# [Exercise details]
Reproduce everything from the line that contains "뉴스펀치 이현승 기자" down to the line that contains "This is a cute" in the listing below, word for word and nothing more. Leave the pictures out.
Raw data: Begin
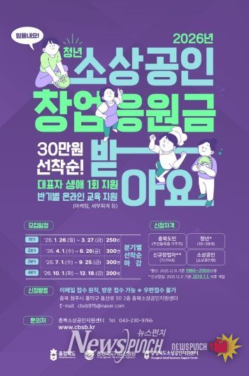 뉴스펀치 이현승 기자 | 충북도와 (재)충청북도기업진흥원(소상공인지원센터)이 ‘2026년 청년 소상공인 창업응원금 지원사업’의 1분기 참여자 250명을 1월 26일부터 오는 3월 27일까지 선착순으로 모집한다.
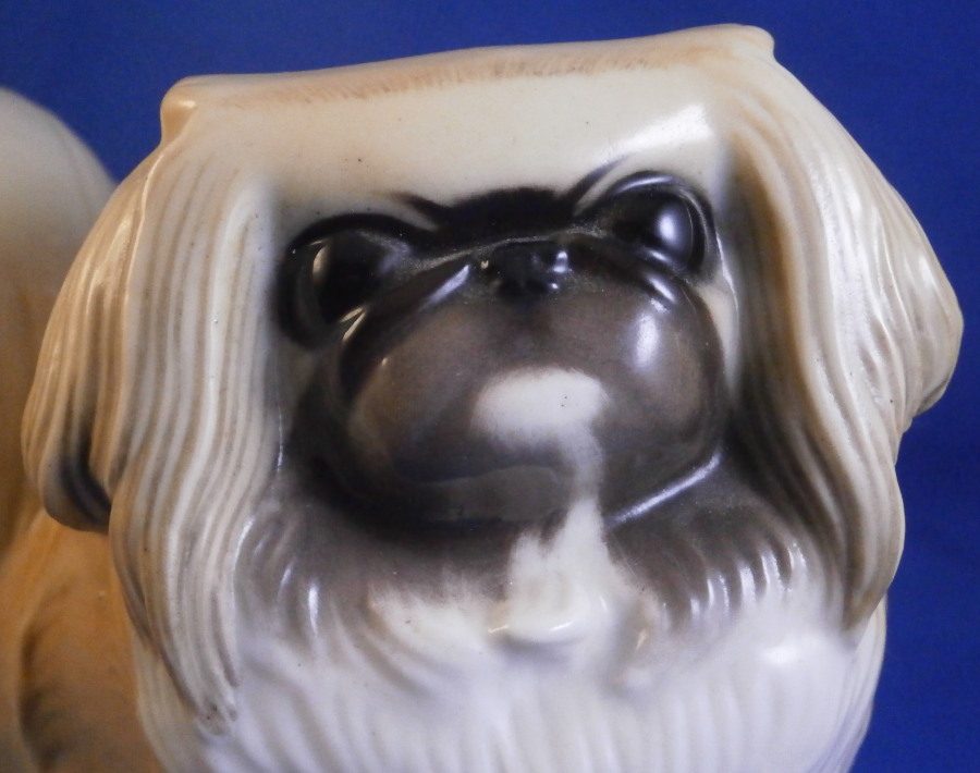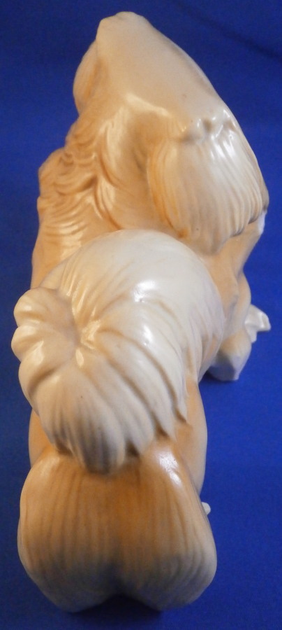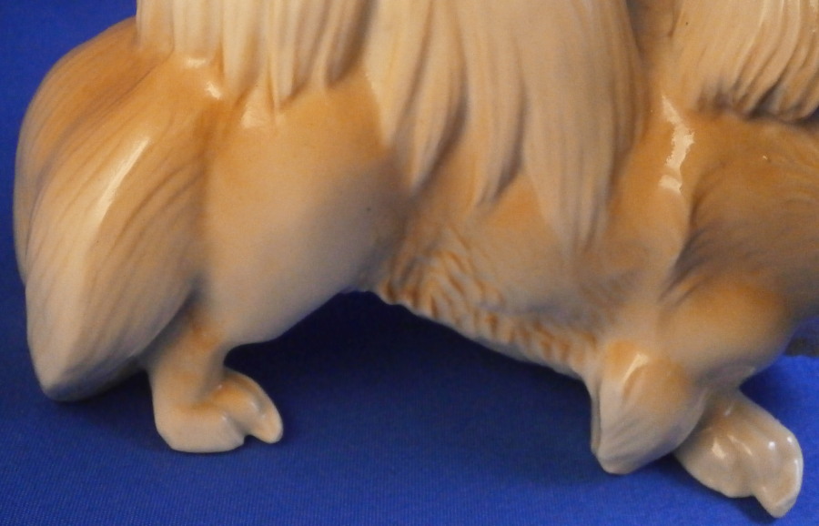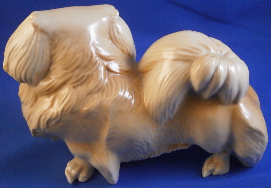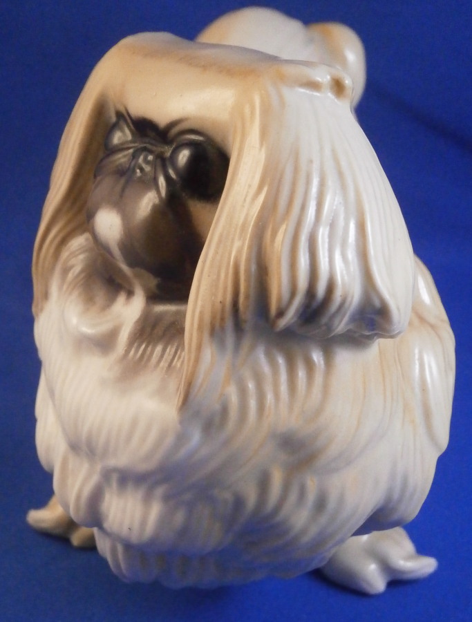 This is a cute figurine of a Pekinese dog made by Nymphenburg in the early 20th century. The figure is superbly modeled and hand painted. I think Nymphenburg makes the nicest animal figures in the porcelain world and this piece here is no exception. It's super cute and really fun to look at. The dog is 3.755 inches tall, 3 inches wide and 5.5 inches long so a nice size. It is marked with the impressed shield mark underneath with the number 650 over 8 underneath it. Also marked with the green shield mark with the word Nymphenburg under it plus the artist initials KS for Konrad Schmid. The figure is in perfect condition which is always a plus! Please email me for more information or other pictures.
Raw data: End
Raw data: Begin
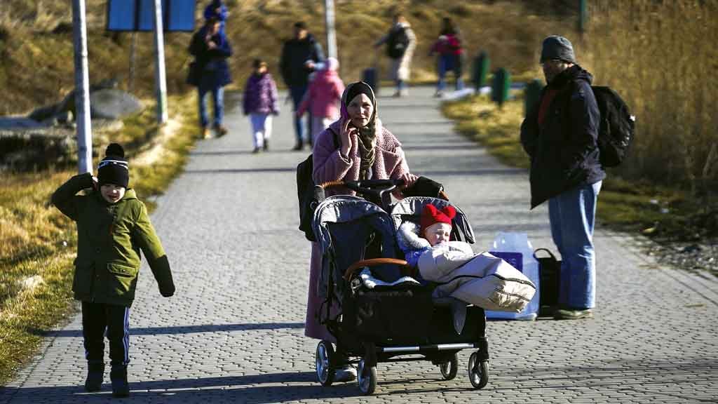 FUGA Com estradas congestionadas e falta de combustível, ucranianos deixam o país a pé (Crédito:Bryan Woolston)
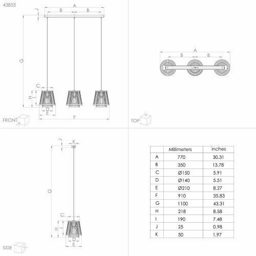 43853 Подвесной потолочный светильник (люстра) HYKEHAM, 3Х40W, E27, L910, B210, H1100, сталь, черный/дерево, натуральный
Raw data: End
Raw data: Begin
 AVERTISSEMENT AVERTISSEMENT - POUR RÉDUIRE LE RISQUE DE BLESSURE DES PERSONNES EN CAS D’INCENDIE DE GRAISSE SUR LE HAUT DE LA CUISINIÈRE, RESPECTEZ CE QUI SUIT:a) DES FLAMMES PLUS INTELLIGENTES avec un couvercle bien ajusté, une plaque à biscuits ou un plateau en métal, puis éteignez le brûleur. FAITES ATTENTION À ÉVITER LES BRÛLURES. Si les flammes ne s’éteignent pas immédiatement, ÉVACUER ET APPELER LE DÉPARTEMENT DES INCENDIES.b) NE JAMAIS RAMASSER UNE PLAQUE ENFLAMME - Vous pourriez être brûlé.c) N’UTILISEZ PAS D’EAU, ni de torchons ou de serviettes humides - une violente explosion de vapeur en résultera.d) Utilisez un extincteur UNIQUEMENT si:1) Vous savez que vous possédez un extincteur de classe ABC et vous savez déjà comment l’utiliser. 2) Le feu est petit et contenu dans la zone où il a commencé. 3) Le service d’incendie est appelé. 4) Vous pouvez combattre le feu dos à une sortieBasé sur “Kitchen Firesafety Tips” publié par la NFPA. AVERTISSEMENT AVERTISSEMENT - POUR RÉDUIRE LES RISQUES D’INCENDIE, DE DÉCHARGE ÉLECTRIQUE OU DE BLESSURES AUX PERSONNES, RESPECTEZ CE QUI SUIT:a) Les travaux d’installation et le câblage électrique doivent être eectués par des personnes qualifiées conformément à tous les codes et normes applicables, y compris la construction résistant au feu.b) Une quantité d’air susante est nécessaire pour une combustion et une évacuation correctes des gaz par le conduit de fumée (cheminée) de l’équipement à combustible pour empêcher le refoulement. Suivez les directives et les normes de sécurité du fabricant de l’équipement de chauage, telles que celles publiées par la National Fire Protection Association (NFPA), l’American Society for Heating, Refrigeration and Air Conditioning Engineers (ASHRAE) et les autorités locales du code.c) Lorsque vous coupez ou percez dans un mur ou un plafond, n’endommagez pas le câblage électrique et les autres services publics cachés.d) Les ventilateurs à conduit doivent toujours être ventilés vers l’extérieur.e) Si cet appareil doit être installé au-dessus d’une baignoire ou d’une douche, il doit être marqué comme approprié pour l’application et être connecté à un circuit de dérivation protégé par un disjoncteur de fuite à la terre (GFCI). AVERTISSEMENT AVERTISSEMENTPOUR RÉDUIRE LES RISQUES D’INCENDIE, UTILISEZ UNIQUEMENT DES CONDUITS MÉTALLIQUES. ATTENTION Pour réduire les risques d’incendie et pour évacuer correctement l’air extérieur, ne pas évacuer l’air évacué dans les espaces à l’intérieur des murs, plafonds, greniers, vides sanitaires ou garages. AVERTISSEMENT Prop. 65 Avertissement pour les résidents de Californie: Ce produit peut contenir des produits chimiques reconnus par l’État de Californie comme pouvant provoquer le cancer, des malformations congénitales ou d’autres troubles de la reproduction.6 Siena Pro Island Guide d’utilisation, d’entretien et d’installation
Raw data: End
# [Completed task]
 뉴스펀치 이현승 기자 | 충북도와 (재)충청북도기업진흥원(소상공인지원센터)이 ‘2026년 청년 소상공인 창업응원금 지원사업’의 1분기 참여자 250명을 1월 26일부터 오는 3월 27일까지 선착순으로 모집한다.
 This is a cute figurine of a Pekinese dog made by Nymphenburg in the early 20th century. The figure is superbly modeled and hand painted. I think Nymphenburg makes the nicest animal figures in the porcelain world and this piece here is no exception. It's super cute and really fun to look at. The dog is 3.755 inches tall, 3 inches wide and 5.5 inches long so a nice size. It is marked with the impressed shield mark underneath with the number 650 over 8 underneath it. Also marked with the green shield mark with the word Nymphenburg under it plus the artist initials KS for Konrad Schmid. The figure is in perfect condition which is always a plus! Please email me for more information or other pictures.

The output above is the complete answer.